The solution was to update the krb5-libs or to execute an update of the entire system (recommended). In this case, the customer applied the Kerberos library update only.
yum update krb5-libs
After the update was installed, SSSD could then be started. A quick logon test confirmed that user authentication to Active Directory was restored.
Remember to set the debug_level values back to reasonable value of 5 or less. A debug level of 9 could put even a moderately used system out of disk space by filling it with logs.
As always, the minimum recommended practice for all systems is to keep current on security and critical hotfixes. Begin applying them to non-critical or non-production systems first and then perform any necessary functional tests. Keep in mind, this is the minimum. Microsoft has taken an approach recently with how to handle patching. The product groups preform testing on fully patched systems. Not all scenarios can be tested against when a customer selectively chooses which updates they apply across the lifecycle of an operating system.

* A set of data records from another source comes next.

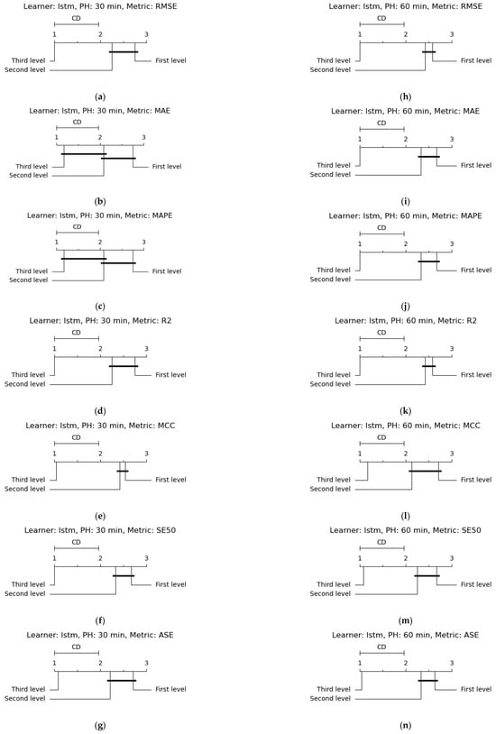 Critical difference diagrams based on Nemenyi test for pairwise comparison of the non-stacking, stacking, and nested stacking modelling approaches: (a) LSTM learner, 30 min PH, and RMSE metric, (b) LSTM learner, 30 min PH, and MAE metric, (c) LSTM learner, 30 min PH, and MAPE metric, (d) LSTM learner, 30 min PH, and r2 metric, (e) LSTM learner, 30 min PH, and MCC metric, (f) LSTM learner, 30 min PH, and SE50 metric, (g) LSTM learner, 30 min PH, and ASE metric, (h) LSTM learner, 60 min PH, and RMSE metric, (i) LSTM learner, 60 min PH, and MAE metric, (j) LSTM learner, 60 min PH, and MAPE metric, (k) LSTM learner, 60 min PH, and r2 metric, (l) LSTM learner, 60 min PH, and MCC metric, (m) LSTM learner, 60 min PH, and SE50 metric, (n) LSTM learner, 60 min PH, and ASE metric. Note. LSTM: long short-term memory; PH: prediction horizon; RMSE: root mean square error; MAE: mean absolute error; MAPE: mean absolute percentage error; r2: coefficient of determination; MCC: Matthew’s correlation coefficient; SE: surveillance error; ASE: average surveillance error.
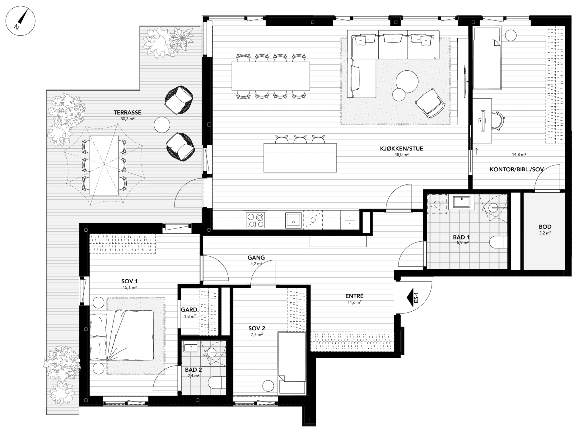 Unik toppleilighet med ca. 30 kvm takterrasse (delvis takoverbygd) med panoramautsikt over fjorden. Romslig og praktisk inngangsparti. Egen avdelt hovedsoveromsavdeling hvor hovedsoverommet har direkte tilgang til eget bad. To gjestesoverom der det ene rommet egner seg godt til hjemmekontor / bibliotek etc. Store vindusoverflater i stue som sikrer mye naturlig lysinnslipp mot den flotte fjordutsikten! Egen bod i kjeller.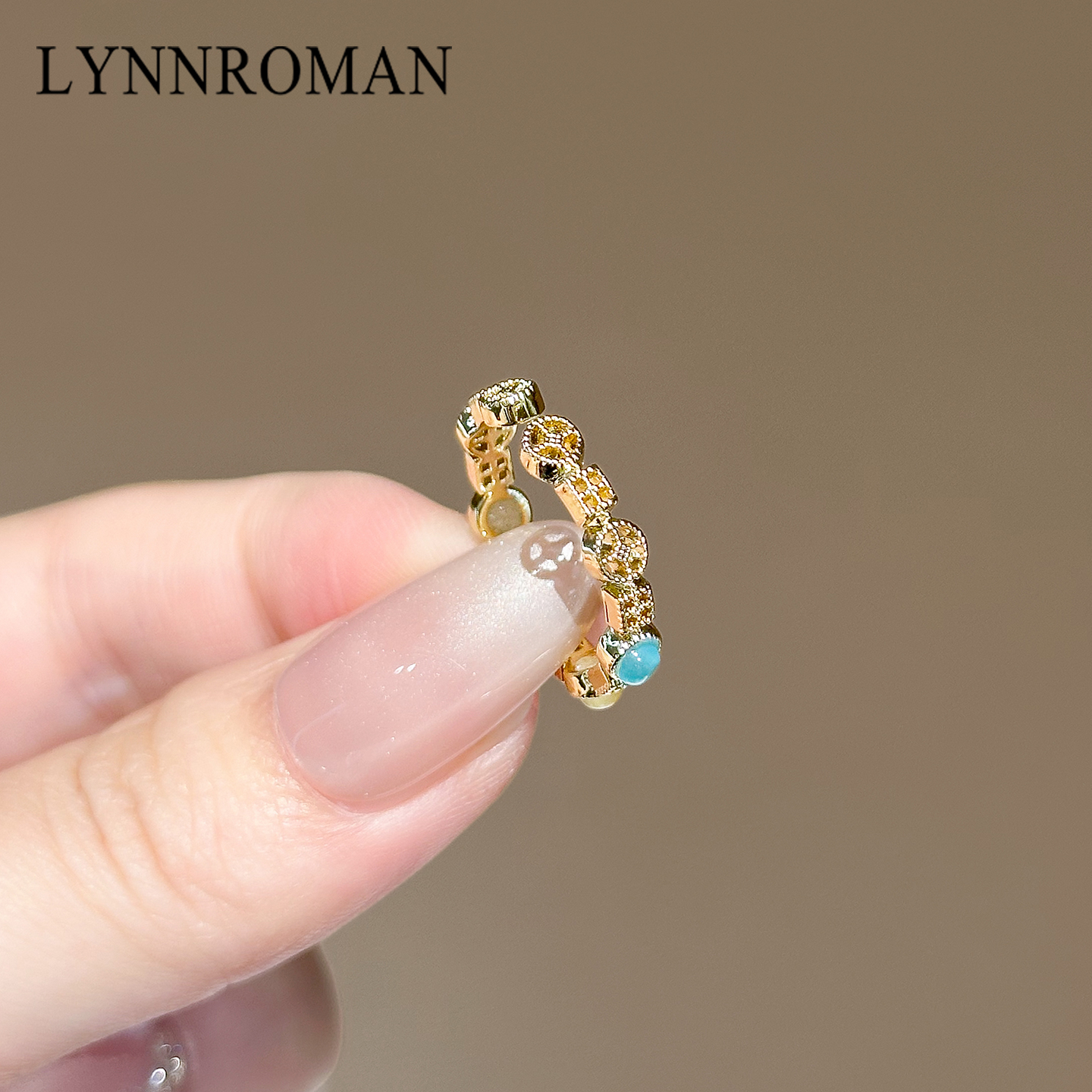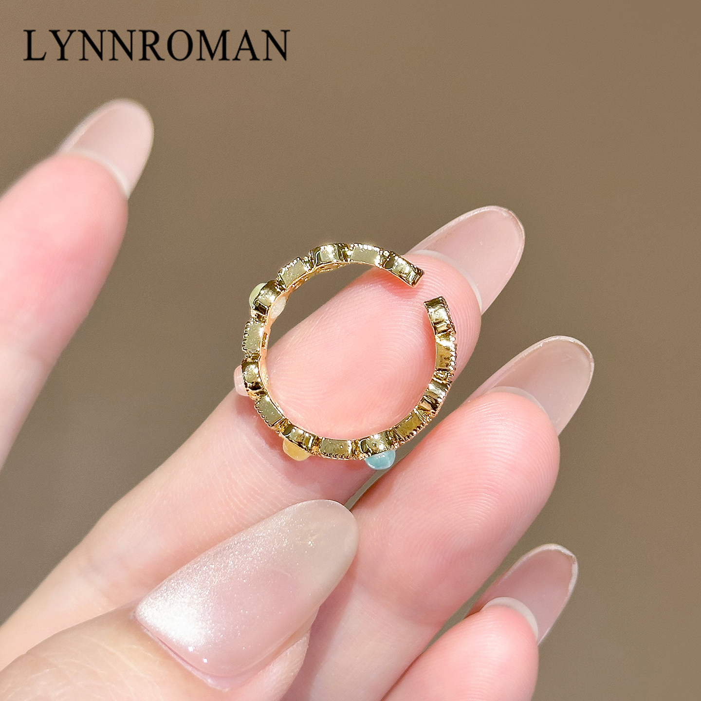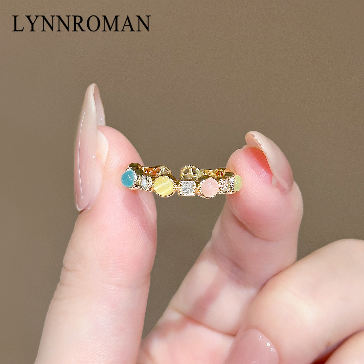 LYNNROMAN猫眼石戒指女款轻奢精致指环高级感小众设计开口食指戒
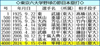 美しい放物線で決めた。6回、小林隼が左翼席にリーグ初本塁打のソロ。ベンチで特別な一発であることを告げられ「びっくりした」。東京六大学野球が始まり100年目。長嶋茂雄、岡田彰布、高橋由伸らが積み重ねてきた本塁打は4000本に到達した。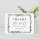 bladig akvarell blomstergemenskap ändra datum kort. Med vackra akvarellblad och modern fet typ är denna ändring av datumet inbjudan precis på modet och perfekt för alla säsonger. Del av en bröllopsserie
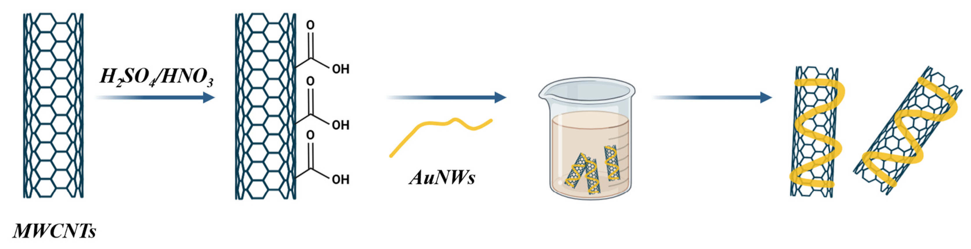 Figure 12. The synthesis of the MWCNTs-AuNWs nanocomposites [100].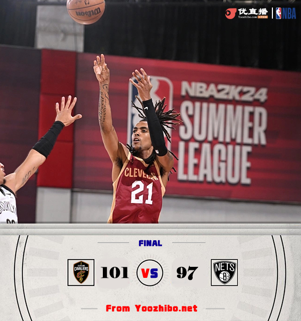 24直播网讯 7月8日 NBA拉斯维加斯夏季联赛开打,骑士首战面对篮网,骑士这边大莫布里领衔出战,篮网阵中,二年级生大卫-杜克和今年的21号秀诺厄-克洛尼在列。比赛开始后双方火热对攻,杜克先声夺人,大莫布里联手贝茨强势回应,末段篮网进攻突然断电,骑士内外开花狂轰19-2攻击波,首节结束时骑士确立11分优势,次节回来,沙里夫-库珀手感滚烫单节独得14分,篮网进攻逐渐复苏,阿尔莫尼-布鲁克斯率队回应,比分没有被进一步拉开,半场战罢,骑士依然领先14分。易边再战后场上形势风云突变,篮网一波17-3抹平分差,克雷格-波特上篮短暂止血,但篮网再次打出9-2小高潮一举反超,三节结束后篮网反超4分,末节决战,贝茨连中三分率队追分,梅里尔打成3+1后骑士再度反超,决胜时刻库珀连续取分,布鲁克斯三分续命无奈篮网追分未果,最终骑士101-97险胜篮网。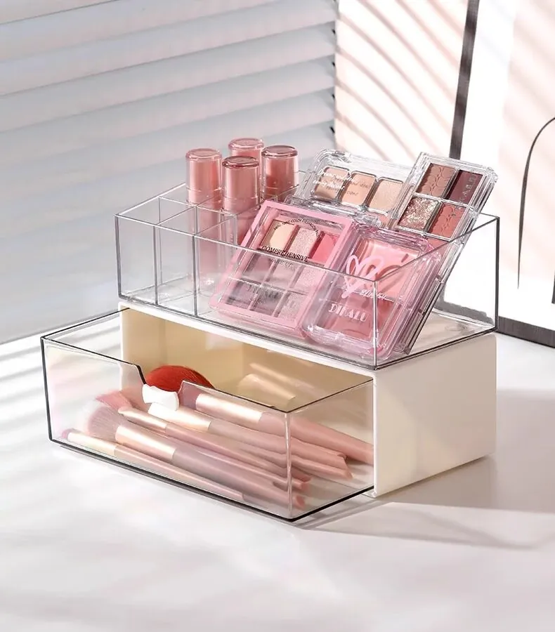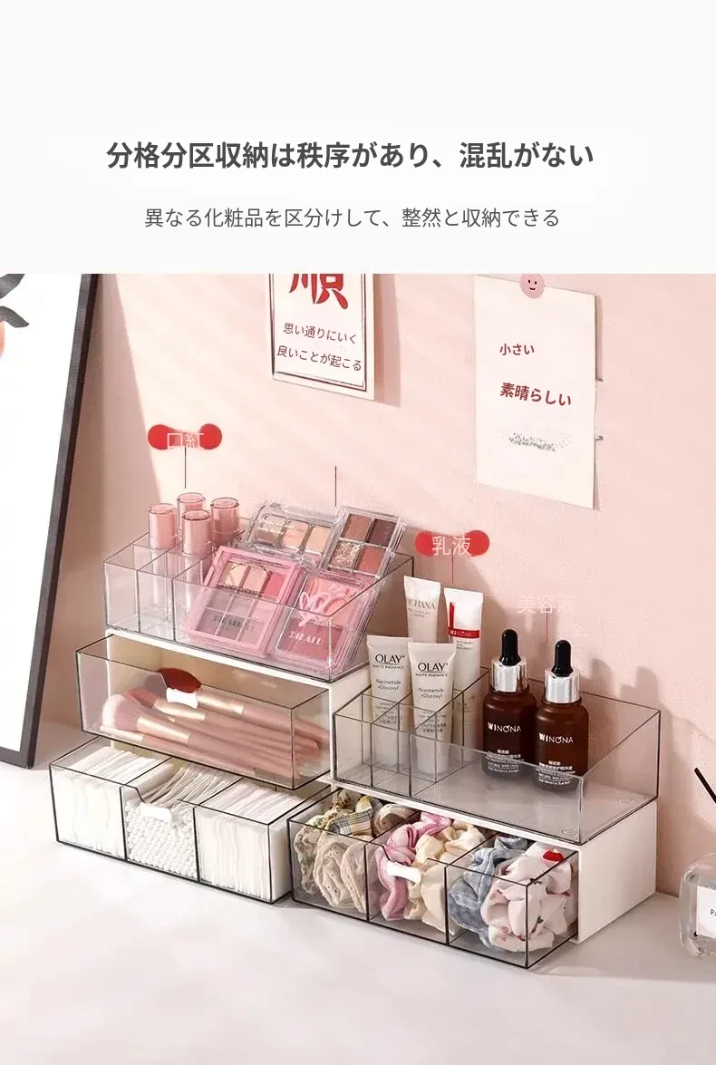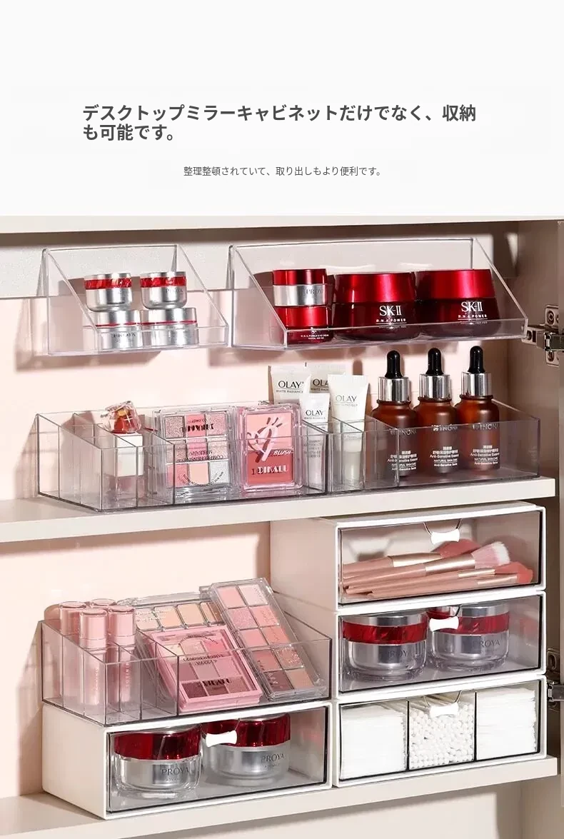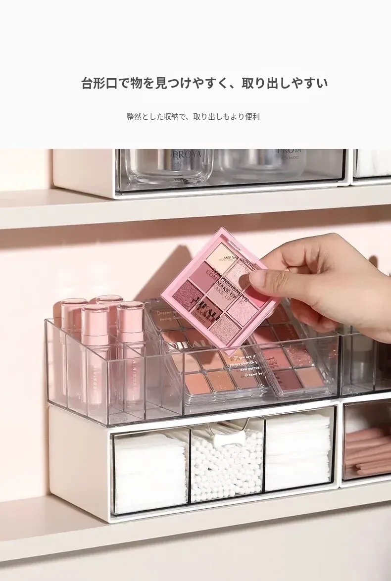 透明アクリル化粧品収納ボックス - 引き出し式デスクオーガナイザー!オフィスや自宅の小物整理に最適!美しく整った空間を実現し、使いやすさを追求したデザイン。あなたのメイクアップをスタイリッシュに演出します!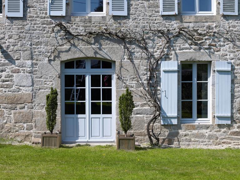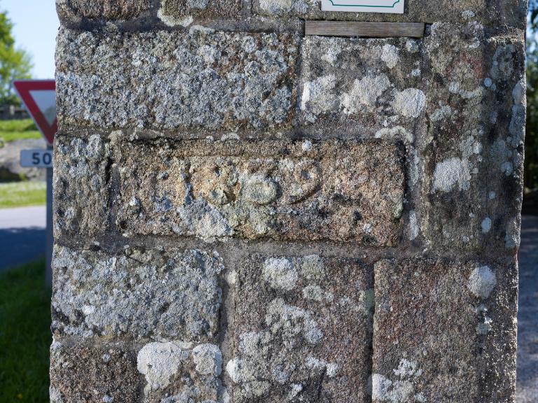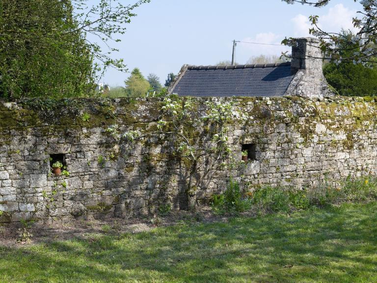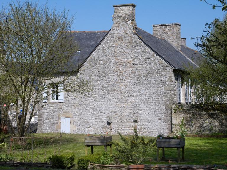 - La partie la plus ancienne semble dater du XVIIe siècle, en raison de la présence de différents éléments architecturaux. La façade comporte une ouverture en plein-cintre moulurée d'un cavet, qui pourraît même dater du XVIe siècle. Cette ouverture est surmontée d’une pierre gravée quadrangulaire, dont le dessin, bien que peu lisible, évoque la forme d'un calice. Ce symbole était couramment utilisé en Bretagne avant le XVIIIe siècle, pour distinguer les maisons de prêtres. Cette gravure est similaire à celle que l’on peut trouver sur l'ancien prieuré-cure de Trébédan.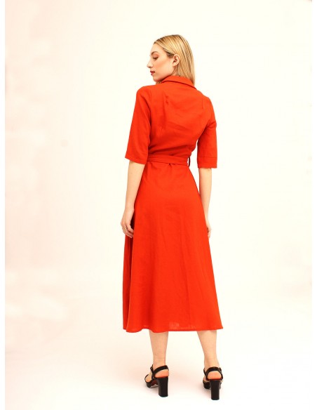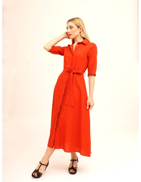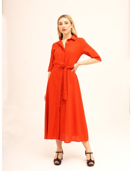 BASTAHAbito lungo in lino rosso con manica a 3/4. Abbottonatura sul davanti con bottoni in madreperla, gonna svasata e cintura in vita. Made in Italy.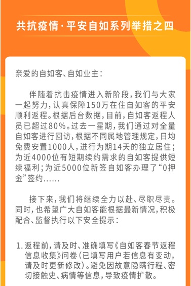 2月20日,針對全國各城市開始現返程、復工高峰,抗擊疫情進入新階段,自如發布新公告《共抗疫情·平安自如 系列舉措之四》,公布此前陸續推出的各項舉措已有成果及最新安全提示。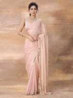 Kasee’s ethnic Embellished net saree is perfect for enhancing your look this summer season. The fabric and embroidery allow maximum airflow, keeping you cool and comfortable when the temperature rises. Just a light blouse piece and this saree is all you need to dress up or down for the hot summer days ahead in effortless Indian style.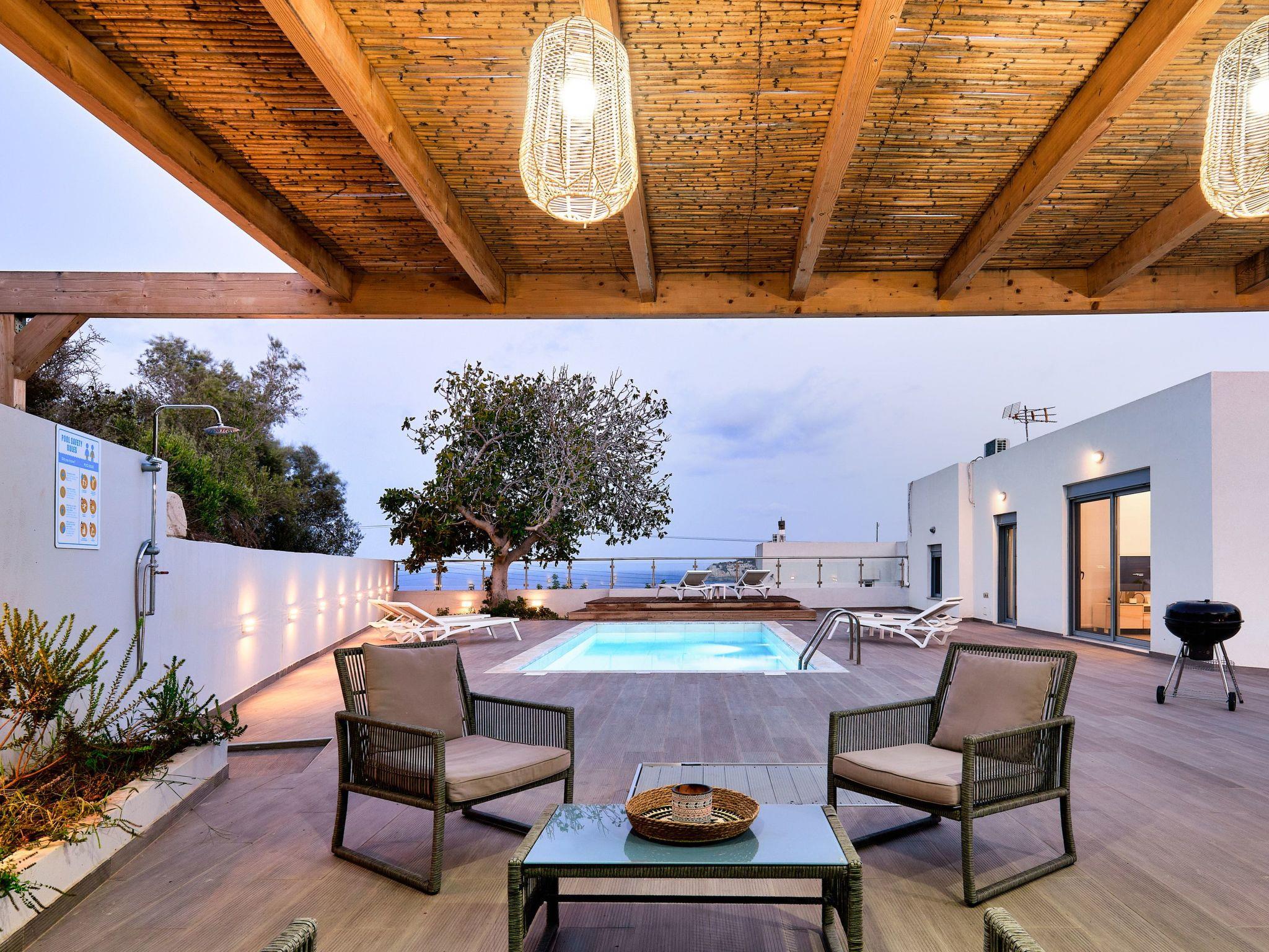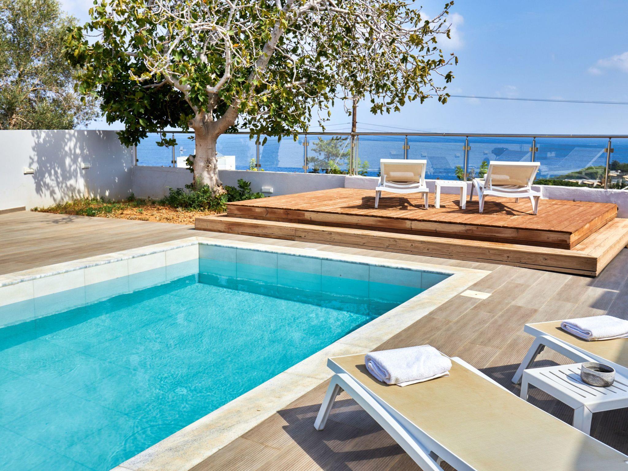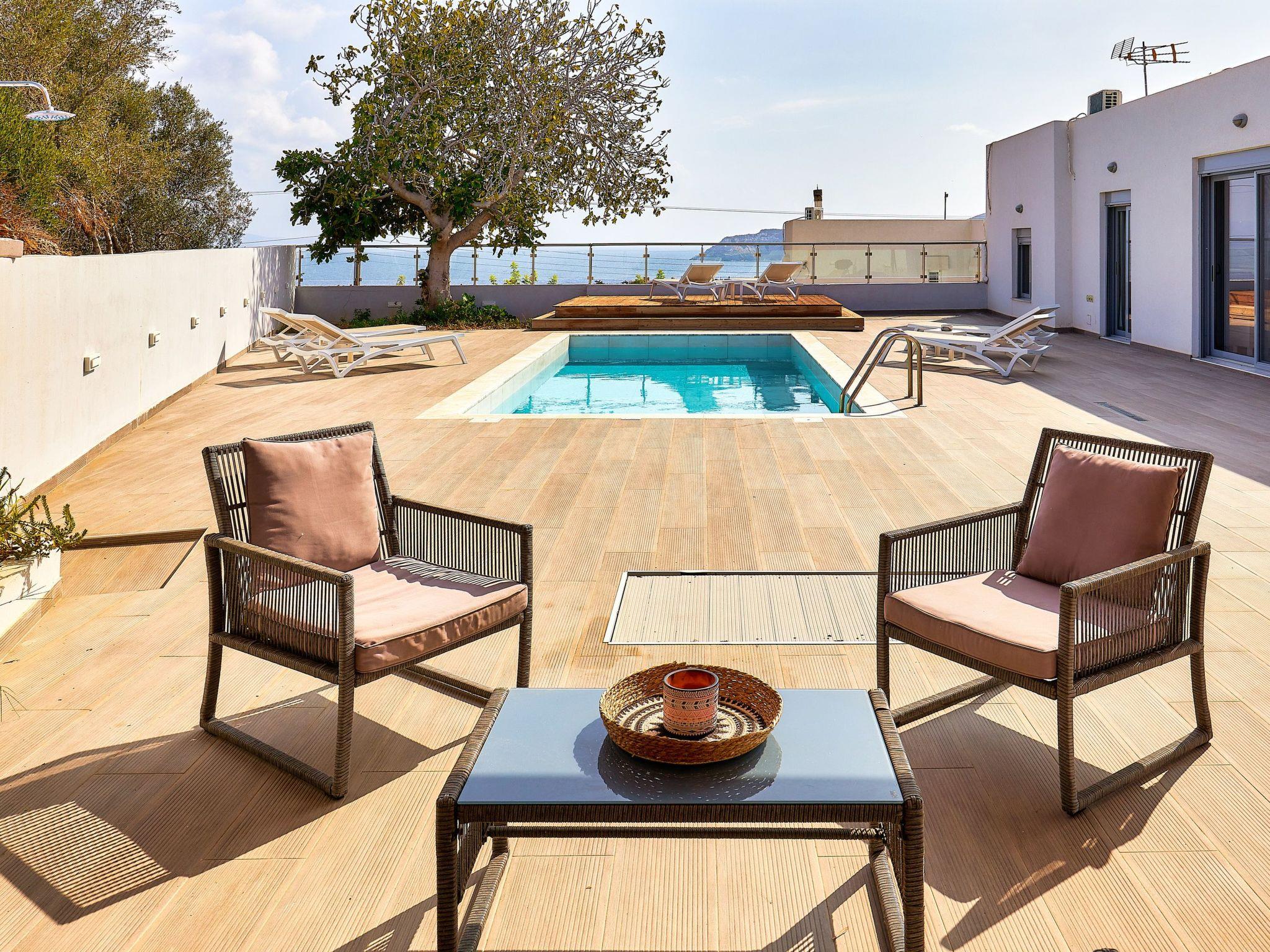 Situated on a hill 350m from the sea , the complex consists of two separate villas sharing a 4000sqm yard with magnificent views of the sea and surrounding area. The Modern Villa Emilia (107sqm) features a spacious garden, minimal style and comfortable setting with 3 en-suite bedrooms. and a private swimming pool (32sqm, 1.5m deep). The sea-view sun deck offers great views of the Cretan sea!

To ensure a consistent and secure customer experience, Microsoft has transitioned to a new servicing model for Windows 7 and newer operating systems (see https://blogs.technet.microsoft.com/windowsitpro/2016/08/15/further-simplifying-servicing-model-for-windows-7-and-windows-8-1/ ) . Your mileage may vary on any operating system when you pick and choose your way through updates.